Андрей Сахаров - Горький, Москва, далее везде Страница 2
Андрей Сахаров - Горький, Москва, далее везде читать онлайн бесплатно
В августе мой вес начал быстро падать и к 13 августа достиг минимального значения – 62 кг 800 г (при предголодовочном весе 78–81 кг). С этого дня мне стали делать подкожные (в бедра на обеих ногах) и внутривенные вливания в дополнение к принудительному питанию. Всего мне было сделано в августе и сентябре 25 вливаний. Каждое вливание длилось несколько часов, ноги болезненно раздувались; весь этот, а иногда и следующий день я не мог ходить – ноги не сгибались.
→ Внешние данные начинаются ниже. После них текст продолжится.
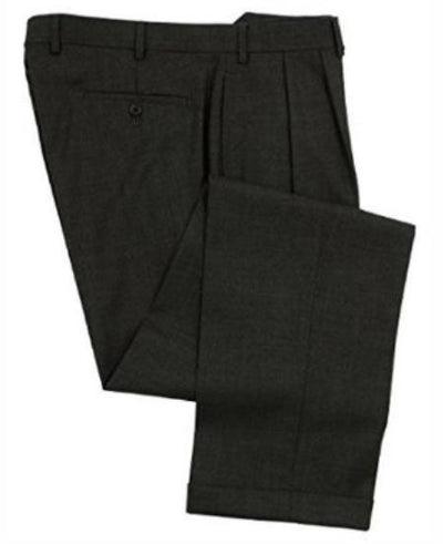 Pleated front 55% Dacron Polyester 45% Worsted Pants are unhemmed to allow for custom fitting. Color: Charcoal SKU#JA56942

5 сентября утром неожиданно приехал представитель КГБ СССР С. И. Соколов. По-видимому, это один из начальников какого-то отдела КГБ, «курирующего» меня и Люсю. В ноябре 1973 г. перед первым допросом Люси у Сыщикова Соколов «беседовал» с ней в увещевательном тоне. В мае 1985 года он приезжал для бесед со мной и Люсей (по отдельности). Тогда Соколов говорил со мной очень жестко, по-видимому его цель была заставить меня прекратить голодовку, создав впечатление ее полной безнадежности. Я чуть было не поддался этому. На самом деле как раз в это время на Запад проникли сведения о начавшейся 16 апреля голодовке и, несмотря на интенсивную кампанию дезинформации, проводившуюся КГБ с помощью поддельных писем, открыток, телеграмм и фототелеграмм, выступления в нашу защиту приобрели большой размах. Кажется, Соколов был одним из двух «посетителей», которых привел ко мне Обухов в ночь с 10 на 11 мая 1984 года. Якобы они интересовались моим здоровьем (я отказался с ними говорить). После этого визита утром 11 мая ко мне впервые применили принудительное кормление, у меня произошел тогда микроинсульт.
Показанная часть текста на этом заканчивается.